Most IVF patients believe in a woman's right to decide what should become of remaining embryos after the death of a partner, according to a new study from the law faculty at the University of Technology, Sydney.
But few understood that, unless they had given express written consent, they would not be able to use the embryos after the death of a partner.
The study of 400 past and present IVF patients concluded rules surrounding the storage of embryos were ''intrusive and disrespectful''.
About 120,000 embryos are in storage facilities around Australia.
''Of all the issues we address in the study, it was on the issue of own use after death of a partner that we found the most dramatic mismatch between law, consent forms and people's express wishes,'' said the study, Enhancing Reproductive Opportunity.
The issue is highlighted by the case of Tim and Maria Cleve. Tim was diagnosed with brain cancer at the age of 23, and though he was not then in a relationship he stored some sperm in case the chemotherapy made him sterile.
Three years later he fell in love with Maria, who lived near him in the town of Kilmore, an hour north of Melbourne, and two years into their marriage they began the process of IVF and had a son, Ned.
But ss the pregnancy progressed, so too did Mr Cleve's brain tumour. Mr Cleve lived long enough to cradle his son. Four months later he died.
Mrs Cleve would like to use the frozen sperm to conceive a sibling for Ned, but the couple signed documents agreeing that neither of them would conceive using the other's gametes in the event that one of them died. ''At the time, the reasoning was we tried to live with the attitude that he was going to get better, even though we knew he wasn't,'' Mrs Cleve said. Her only option is to convince a clinic in the ACT or Queensland to do the treatment. Then she needs to persuade the Victorian Assisted Reproductive Treatment Authority to transfer the sperm to that clinic. ''I know Tim would want me to have another baby,'' she said.
The study recommends that the current position of the NHMRC [National Health and Medical Research Council] ethical guidelines and state legislation requiring express written consent to posthumous use by the deceased should be reversed, to help people like Mrs Cleve.
The lead author, Professor Jenni Millbank, said the presumption should be in favour of allowing surviving partners to use stored embryos.
''The law regards it as the exception, that it's something we should have written consent for and that it's weird and wrong,'' Professor Millbank said.
''But the people we spoke to thought the deceased had implicitly consented to the survivors having control by doing IVF.
''It was a very strong finding that it wasn't a decision for clinics, it wasn't a decision for government, it was a decision for survivors.''
In fact, it was a ''myth'' that survivors retained any control over the embryos, because if they gave instructions for them to be donated or held forever, those wishes would be ignored anyway, Professor Millbank said.
The Fertility Society of Australia, an organisation for IVF clinics, had an informal policy of free storage for servicemen ''in case they don't come back,'' said Michael Chapman, the society's vice president.
But he said they were encouraged to give written consent for partners to use their gametes in that event.
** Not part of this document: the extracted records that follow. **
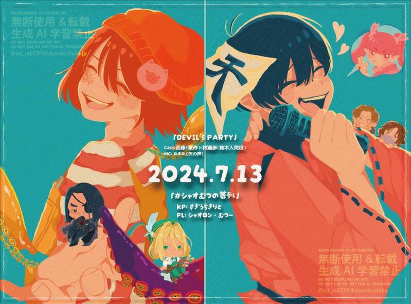 mim_ooO☆quiet followPAST2024.7.13に放送された「シャオむつの葬列」「DEVILS PARTY」の記念絵です。【元動画】シャオむつの葬列:https://www.youtube.com/live/nXNvroa6Zsk?si=GhSHFx1HhSEiJZeBDEVILS PARTY: https://www.youtube.com/live/ICznzSI_1t0?si=3s1lYHfovUglRCuc #wrwrd_FA show all(+2 images) Tap to full screen (size:850x630).Repost is prohibited Let's send reactions! freqpopularsnackothersPayment processing Replies from the creator Follow creator you care about!☆quiet follow mim_ooOPAST2024年肝試しのFAスキンが定まっていない時の🚬センセを含むのでワンクッション挟みます。 mim_ooOPAST🌻 mim_ooOPAST🚬🐕 ͗ ͗ mim_ooOPAST2024年に描いた誕生日イラストです。お気に入りなので再掲 mim_ooODOODLEお盆のときに描いた落描き🌃 mim_ooOPAST【元動画】銃弾役🐷: https://youtu.be/UgiC0Xak6VA?si=v7hUsxRbB-nTJ3To🍷役🐷: https://youtu.be/VkaUB79n0IQ?si=5EyAEQSSAVvh7xweフラペチーノ役🐱:2024.7.31「侵夜ラジオ」 related works mim_ooOREHABILI昨日描いて寝かせていたリハビリ絵👨🏻🍳🥐顔文字😀の表情で描くみたいなやつ風 mim_ooOPASTヤオさん派生詰め miitankurumiDONEエミさんコラージュ!! amadare_1126MOURNINGwrwrd!の今までのやつを供養。#wrwrdFA 14 まろまろMOURNING2022,2,20 17時から行われたロボしにグドモのFAです。1枚目はネタバレなしのイラストですが2枚目はネタバレありのシナリオ内容を含んでいます。今後「Good morning All」のシナリオを行う方はご覧非推奨です。何か問題あればTwitterのDMにてご連絡ください。 2 KiaDONEバンビタン書いた!背景迷った末の差分がいっぱいできた 4 jikkyo_aoyagiDONE(ほぼ)ワンドロ我演義詰め 5 x_x...DOODLEお絵描き練習 x_x...DONE没しゃおです全て納得いかない recommended works ぶるーてぃーPASTrdpn描きました。 まろまろMOURNING2022,2,20 17時から行われたロボしにグドモのFAです。1枚目はネタバレなしのイラストですが2枚目はネタバレありのシナリオ内容を含んでいます。今後「Good morning All」のシナリオを行う方はご覧非推奨です。何か問題あればTwitterのDMにてご連絡ください。 2 つったんDOODLE日常組のドット絵だー 5 seele11animaSPOILER魔主役 第171話(週刊少年チャンピオン36+37号)ネタバレ注意ボンベくんかっこいい!!!と影レイヤーがいい感じだったのでついでに 2 まいせつDONErdpn。動画ラスト用の絵です。 2 ron_oekk_DOODLE絵チャで描いたシャオさん もあちゃんDOODLE嬢とか魔とかいろいろ 8 リリィDOODLE貴方は熱狂的な狂信者だ。貴方は教祖様の愛が故に神から能力を授かったと嘘をつき殺人犯になった。貴方は教祖様の為になれたのだろうか? 2 しょーゆせんべい。DOODLEメンバーカラーこうただったの!?
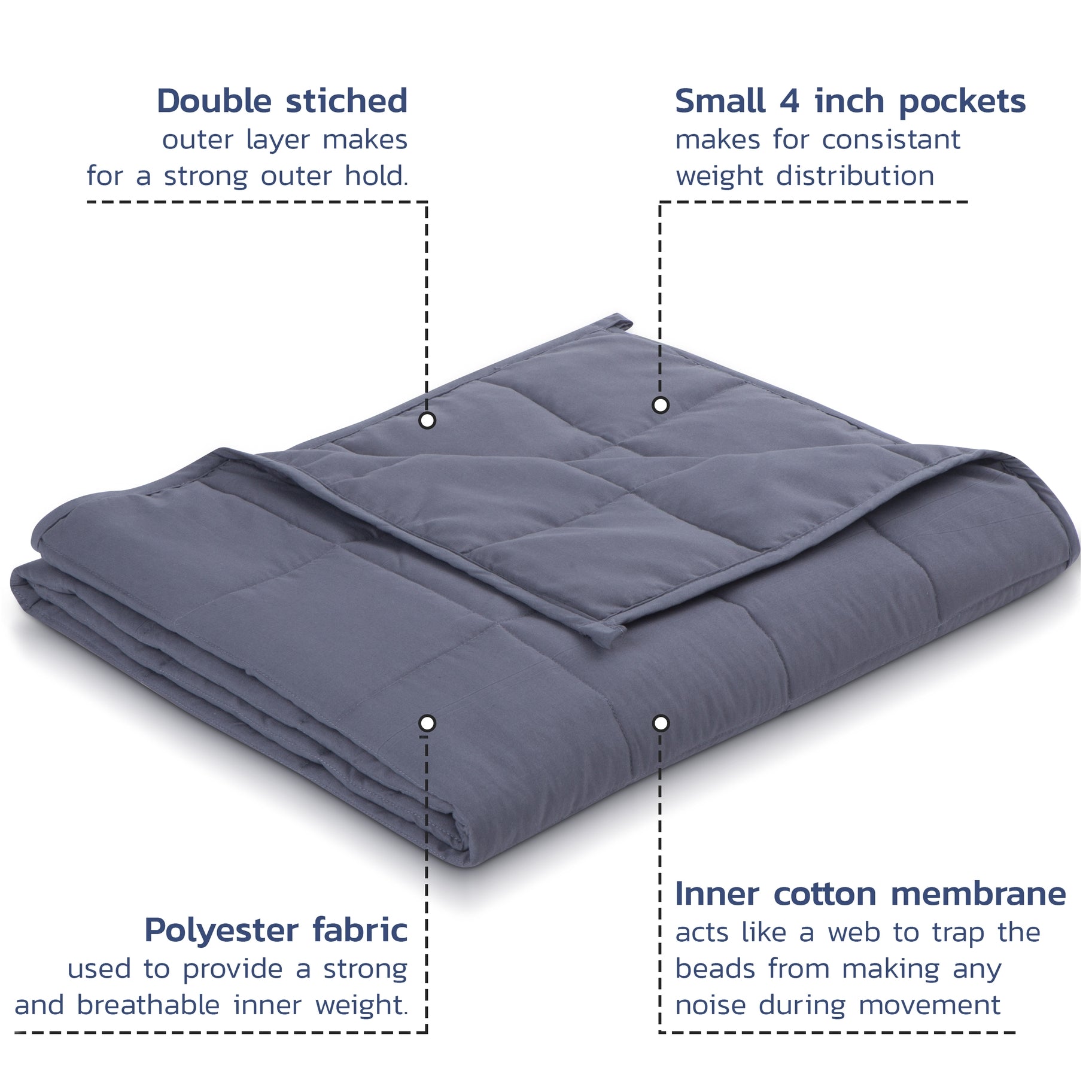 This 8lb weighted throw was designed for winding down, that perfect movie night-in, or just taking a warm and cozy afternoon nap. Hush took the essentials from their other best-selling blankets and made this the perfect weight and size for cuddling on the couch, recliner, or bed. The Hush Throw will provide you with much-needed stress-relief whenever you need it, while still being light enough to move around easily. Inner material = premium recycled non-toxic glass beads. 5x5 triple-stitched weight pockets for even weight distribution.
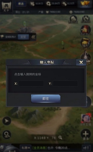 3.搜索确认坐标: 在一个州之后,我们就要选地方了,选择一个附近资源点比较多的,敌对少的地方,选一块空地进行建造。
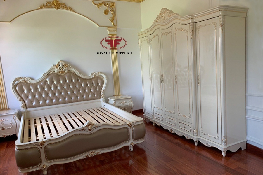 – Giường ngủ dát vàng 913B: Kích thước phủ bì: 2210*2180*1670mm (KT đặt đệm: 1m8x2m)
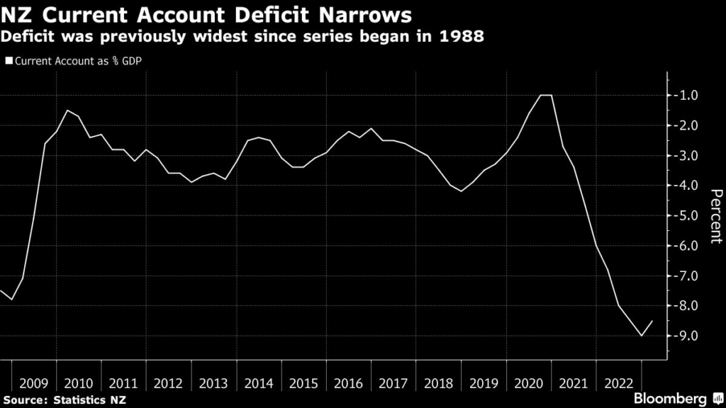 (Bloomberg) — New Zealand’s annual current account deficit unexpectedly narrowed in the first quarter as the return of tourists and international students following the pandemic boosted services exports.
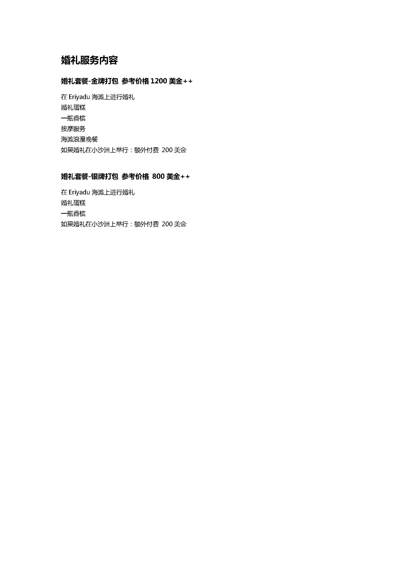 入住期间享一次三道式沙滩浪漫晚餐
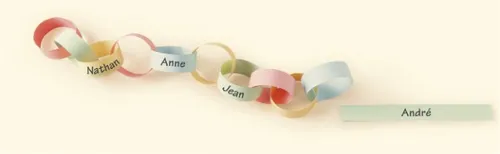 Favoriser la mise en pratique : Recommandez aux enfants et aux instructeurs de prendre l’habitude d’étudier les Écritures régulièrement. Expliquez que chaque semaine, les enfants qui ont lu ou ont écouté les Écritures pourront écrire leur nom sur un morceau de papier et l’ajouter à une chaîne en papier. Dites-leur qu’au fur et à mesure que la chaîne s’allonge, leur connaissance des Écritures augmente aussi. Rangez la chaîne dans une boîte au « trésor » (qui peut aussi être utilisée pour expliquer le verbe « amasser » dans l’activité ci-dessus). Demandez aux enfants de parler de leur objectif d’étude des Écritures à leur famille.

They are also advised to change their wills to that effect.
Professor Chapman agreed that if patients had undergone IVF treatment, they had implicitly consented to the use of those embryos.
''If I was a man who had put sperm in storage, to some extent I would believe that it might be used if I passed away,'' he said.
But, in accordance with the law, his clinic, IVF Australia, advised patients that if there was no express consent form for the posthumous use of embryos, they may be destroyed.